You can see the eight nose mounted guns and the three guns mounted in the right wing. You will not find any pictures of an eight gun nose mounting along with two dual .50 packs under each wing. With the dorsal trurret locked forward, that's 16 guns on target. 

At a cyclic rate of 750rpm, that's 200 rounds per second! If you were in a barge or small cargo vessel, you would literally be shredded.


----------



## Lunatic (Feb 1, 2006)

You appear to be correct. I'd not realized the 8 gun nose was never paired with the quad gun packs. Serves me right for not looking it up.

One point - cyclic rate of fire for the .50 M2 Lightweight Aircraft gun was 750-850 rpm, with 800 being typical. 750 is usually the quoted figure, but if you check the rps figures for various planes, you will find the 6 gun fighters are rated at 80 rps = 4800 rpm / six guns = 800 rpm per gun. The only plane I've ever seen rps figures for which come to 750 rpm is the P-47 which is rated at 100 rps.

Assumedly the RoF of the P-47 was tuned down because it had more guns, so this might apply to the A26. But my guess is that in the field they were all tuned the same (which involves the headspacing adjustment) so 800 rpm is the proper figure.

=S=

Lunatic


----------



## Gnomey (Feb 1, 2006)

Good stuff, here is another view of the front of the A-26B clearly showing the 8 guns in the nose and the 3 in each wing. 8)


----------



## DerAdlerIstGelandet (Feb 4, 2006)

Ive always liked the A-26. To me she was fierce and sexy. Good plane overall.


----------



## the lancaster kicks ass (Feb 4, 2006)

i agree she's a good plane but i don't really like the american attack/mediums like that...ugly fuckers.........


----------



## DerAdlerIstGelandet (Feb 4, 2006)

And you comparing them to what?


----------



## the lancaster kicks ass (Feb 4, 2006)

all british planes........


----------



## DerAdlerIstGelandet (Feb 4, 2006)

Ha Ha Ha!


----------



## the lancaster kicks ass (Feb 4, 2006)

well you gotta admit we do make the world's best looking aircraft


----------



## Aggie08 (Feb 4, 2006)

Why didn't the US experiment with 20mm on the b-25 and a-20? Pack a bigger punch and less are needed. Gotta say though, it would be hard to turn down so many oodles of .50s....


----------



## Aggie08 (Feb 4, 2006)

Haha lanc alot of people would agree that those medium bombers/attack are some of the best looking planes. I think so, anyways. Seriously what looks better than a fully loaded b-25 bristling with more .50's than 5 mustangs?


----------



## the lancaster kicks ass (Feb 4, 2006)

i think that for strafing soft targets, which you're gonna get more of in the pacific (apart from ships, obviously) the weight of fire provided by all the .50s was more worthwile.........


----------



## DerAdlerIstGelandet (Feb 5, 2006)

The .50 was worthwile for most targets except heavy targets like tanks and what not.


----------



## cheddar cheese (Feb 5, 2006)

Aggie08 said:


> Haha lanc alot of people would agree that those medium bombers/attack are some of the best looking planes. I think so, anyways. Seriously what looks better than a fully loaded b-25 bristling with more .50's than 5 mustangs?

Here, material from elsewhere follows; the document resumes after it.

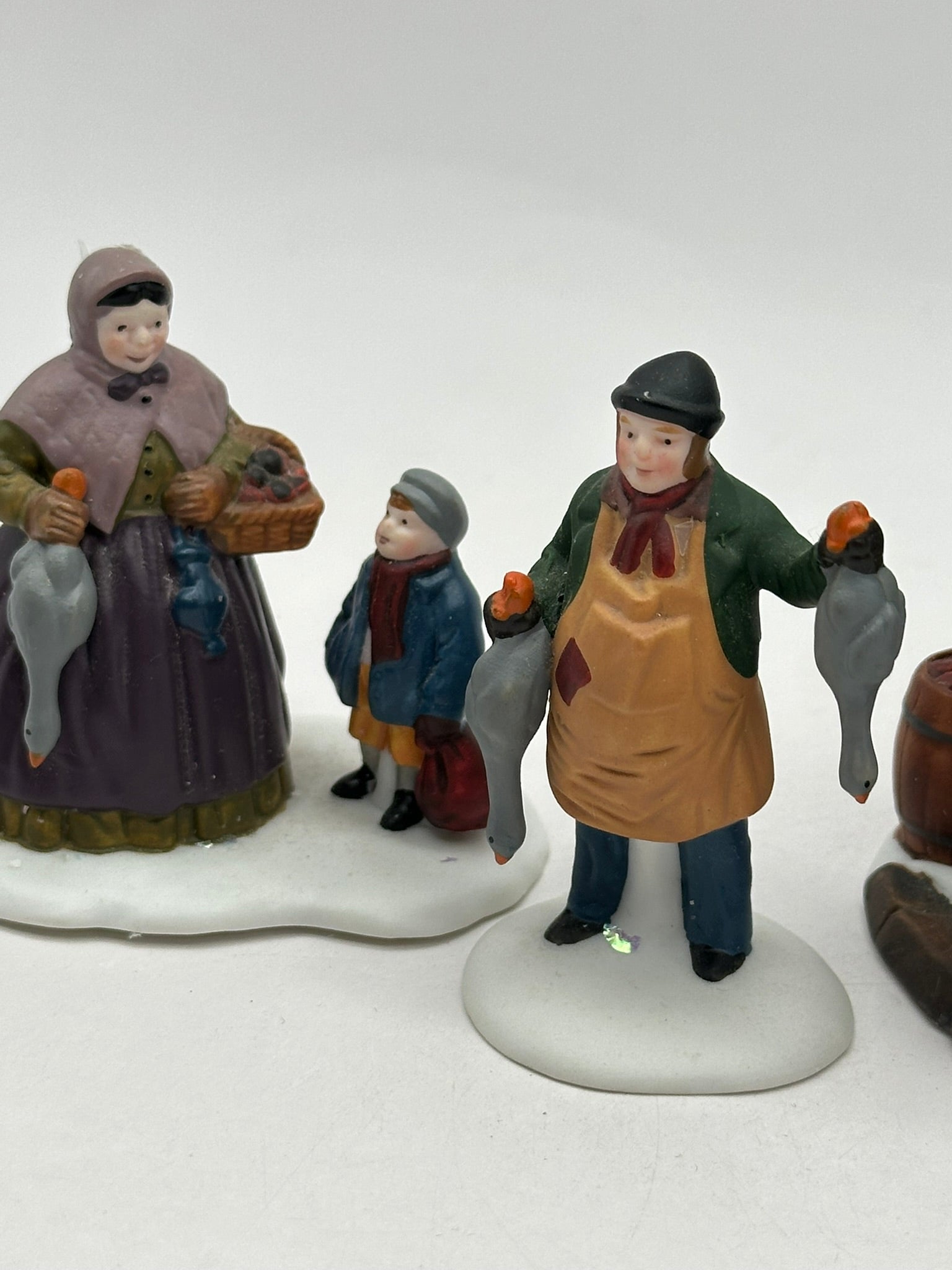 Poultry Market brings the hustle and bustle of an old-fashioned village marketplace to life. This hand-painted porcelain trio features a detailed market stall brimming with poultry, a friendly vendor ready to assist, and charming village shoppers selecting their goods.

An A-26 with a similar layout


----------



## Lunatic (Feb 6, 2006)

Aggie08 said:


> Why didn't the US experiment with 20mm on the b-25 and a-20? Pack a bigger punch and less are needed. Gotta say though, it would be hard to turn down so many oodles of .50s....



Most ground targets that were succeptable to 20mm fire were succeptable to .50 fire. The .50's offered 3 times the reliabiliity and nearly twice the ammo of the Hispano. Carrying more .50's meant a wider strafe area too.

The exception was Japanese pill boxes in the PTO, which were specifically made just tough enough to hold up against .50 fire, which is why the USN and USMC wanted the 20mm guns for ground attack.

=S=

Lunatic


----------



## Aggie08 (Feb 7, 2006)

Interesting...


----------



## Aggie08 (Feb 7, 2006)

> An A-26 with a similar layout



True, true


----------



## Smokey (Feb 7, 2006)

http://www.shockwaveproductions.net/firepower/manual/do217.htm

BF 110G night fighter

Armament:
Nose: Fixed firing forward
Two 30mm Mk 108 Cannon with 135 rounds per gun
Two 20mm MG 151 Cannon with 300 rounds(port) and 350 rounds(starboard)
And
Two 20mm MG 151 Cannon in Shrage Musik Installation (Firing Obliquely forward)
Or
Two 7.92mm MG 81 in rear cockpit

Optional:
Waffenwanne 151Z ventral tray housing two forward firing 20mm MG 151 cannon

http://www.warbirdsresourcegroup.org/LRG/bf110g.html


----------



## Hunter368 (Feb 7, 2006)

Very nice


----------



## mosquitoman (Feb 7, 2006)

Bristol Beaufighter VI: 4x 20mm cannon; 8x .303 machine gun
Not a bad alternative to a Mitchell or Invader


----------



## wmaxt (Feb 7, 2006)

I once read that a B-25 pilot had bagged 5 Japanese aircraft in flight. Its been years and I haven't seen it again but I've always thought that would be cool if it really happened. They certainly had the fire power, 14 foward, will do a number on any aircraft! 

wmaxt


----------



## lesofprimus (Feb 7, 2006)

.303 pfffftttt...


----------



## mosquitoman (Feb 7, 2006)

sorry, got it wrong, 12x 0.303


----------